Note that when I'm referring to a page, I mean the controller and action. For example, I'm not considering /people/1 and /people/3 separate pages - they're both the people/show page.
At CarePages we have an Apache log that logs the controller, action, and Rails runtime. We run a script that groups the runtimes by controller and action, and then calculates the total runtime for a controller/action divided by the total runtime for all requests. What we found the first time we did this was that one of our pages was taking nearly 40% of the overall CPU time. It wasn't the slowest page, but it was the most frequently hit page. We had two other pages that were taking about 19% and 13% of the overall CPU time. This gave us a good place to start - if we could make the 40% page twice as fast, we would lower our overall CPU usage by 20%.
If you go through this process and find a relatively even distribution of CPU time across pages, you should look for ways to improve performance across the board rather than focusing on improving the performance of a few individual pages.

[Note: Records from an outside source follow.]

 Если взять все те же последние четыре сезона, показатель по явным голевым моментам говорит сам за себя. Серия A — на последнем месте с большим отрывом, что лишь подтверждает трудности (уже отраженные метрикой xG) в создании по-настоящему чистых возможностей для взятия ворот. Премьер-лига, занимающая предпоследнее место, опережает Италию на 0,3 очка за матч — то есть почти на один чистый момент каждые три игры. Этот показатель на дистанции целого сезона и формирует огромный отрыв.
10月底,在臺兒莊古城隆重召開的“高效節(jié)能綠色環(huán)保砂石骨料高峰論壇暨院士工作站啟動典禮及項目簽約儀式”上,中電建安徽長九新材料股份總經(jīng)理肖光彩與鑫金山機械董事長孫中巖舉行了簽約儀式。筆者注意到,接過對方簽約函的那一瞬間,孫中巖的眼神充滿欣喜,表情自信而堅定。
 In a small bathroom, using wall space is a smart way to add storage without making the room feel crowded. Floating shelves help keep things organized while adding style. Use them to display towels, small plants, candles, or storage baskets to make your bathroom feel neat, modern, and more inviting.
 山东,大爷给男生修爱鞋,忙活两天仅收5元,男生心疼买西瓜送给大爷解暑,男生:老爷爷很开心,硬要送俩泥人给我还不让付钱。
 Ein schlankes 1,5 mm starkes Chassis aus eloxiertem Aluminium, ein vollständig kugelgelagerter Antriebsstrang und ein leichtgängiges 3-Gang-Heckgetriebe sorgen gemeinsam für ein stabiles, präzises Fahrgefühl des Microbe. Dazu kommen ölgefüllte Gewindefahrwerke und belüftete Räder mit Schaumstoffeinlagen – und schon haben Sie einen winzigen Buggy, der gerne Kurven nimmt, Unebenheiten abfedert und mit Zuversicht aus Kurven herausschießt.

So now that you have a page to work on, it's time to benchmark. There are tools for Benchmarking in the form of Rails tests, and Rails 2.1 and 2.2 will have more of these tools, but I find that it's easiest to benchmark by hitting a web server. A QA environment is usually perfect for this as it will have hardware that is comparable to the hardware being used in production.

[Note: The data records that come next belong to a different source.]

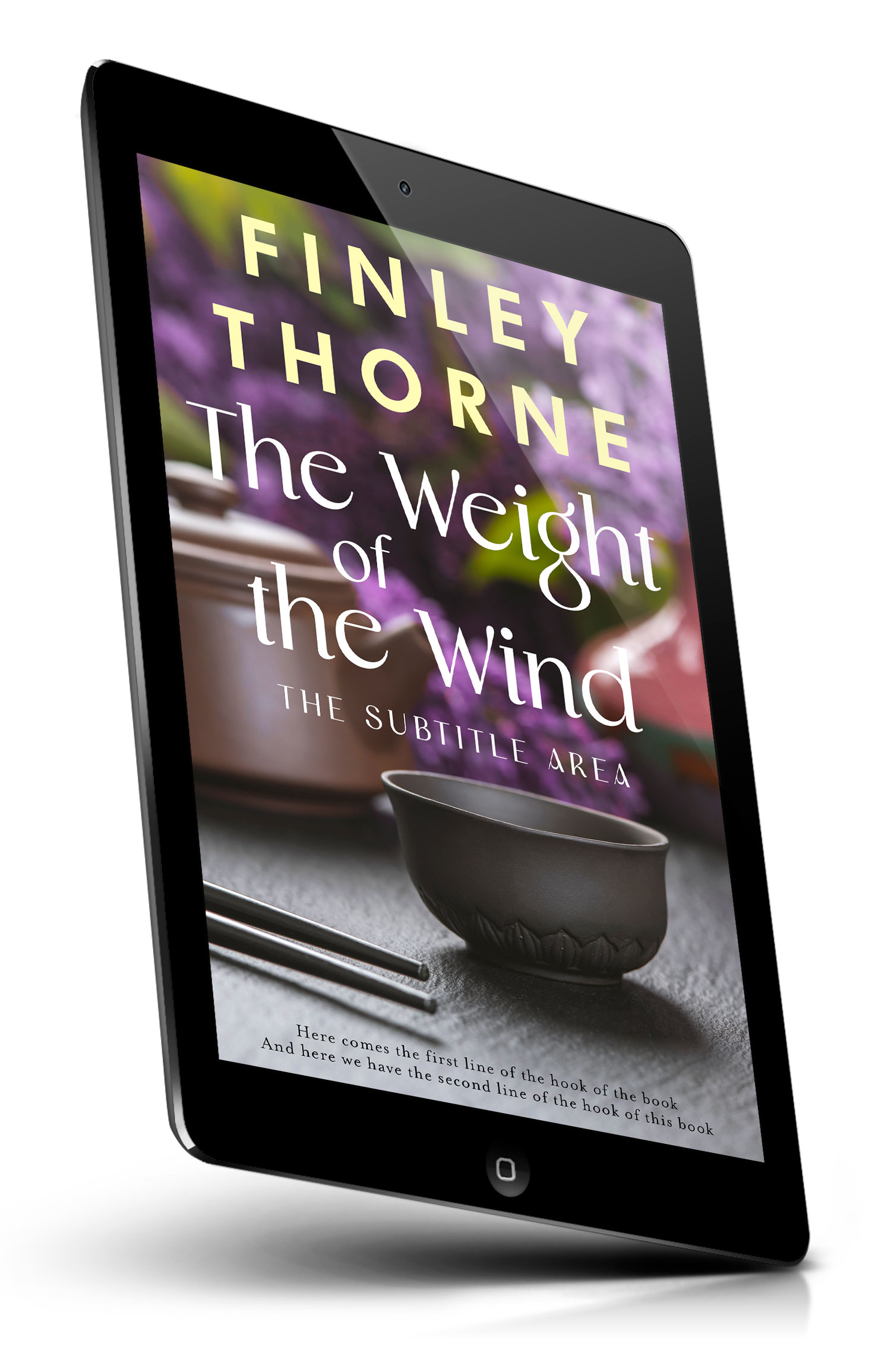 This book cover has 3 lines for the title, 2 lines for the author, 2 lines for the hook.
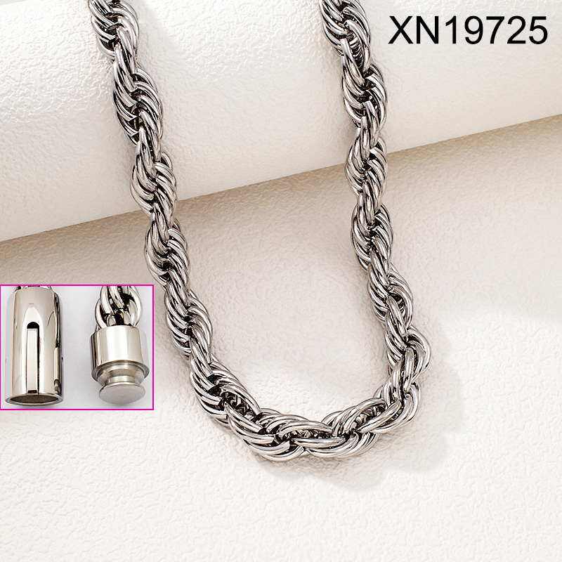 Level B Stainless Steel New Trendy Man Jewelry Twisted Rope Steel color Thick Chain Necklace
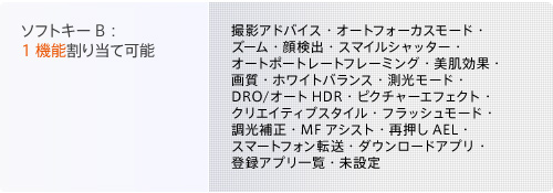 * フォーカス切換、AFモード、AFエリア、顔検出、スマイルシャッター、オートポートレートフレーミング、美肌効果、画質、ISO感度、ホワイトバランス、測光モード、DRO/オートHDR、ピクチャーエフェクト、クリエイティブスタイル、フラッシュモードから最大6項目を任意に設定可能
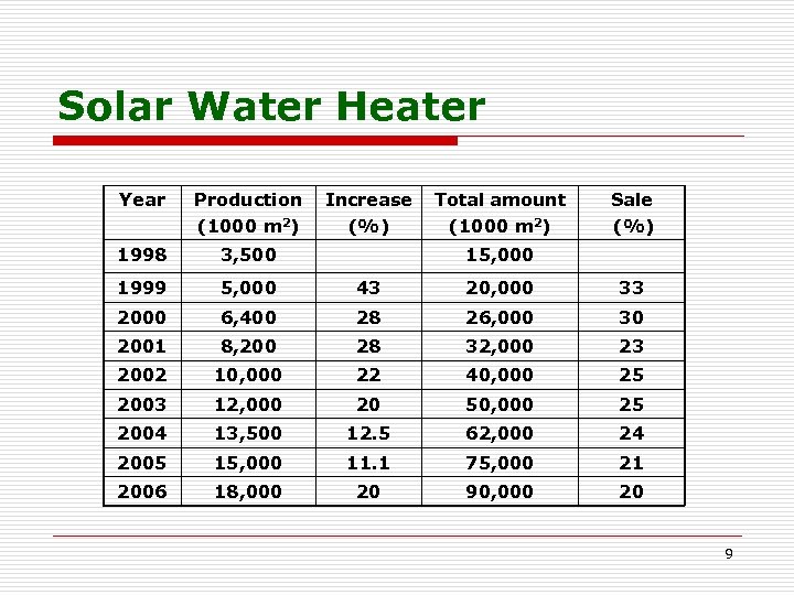 Solar Water Heater Year Production (1000 m 2) Increase (%) Total amount (1000 m 2) Sale (%) 1998 3, 500 1999 5, 000 43 20, 000 33 2000 6, 400 28 26, 000 30 2001 8, 200 28 32, 000 23 2002 10, 000 22 40, 000 25 2003 12, 000 20 50, 000 25 2004 13, 500 12. 5 62, 000 24 2005 15, 000 11. 1 75, 000 21 2006 18, 000 20 90, 000 20 15, 000 9

The goal of benchmarking to produce a baseline. We need to be able to make changes and know if those changes make things better, worse, or have no effect.
I usually use curl or apache bench for benchmarking. With either tool, you need to log in to your web app, navigate to the page you want to benchmark, and then grab the session cookie. Firefox's web developer toolbar provides a nice view of the cookies.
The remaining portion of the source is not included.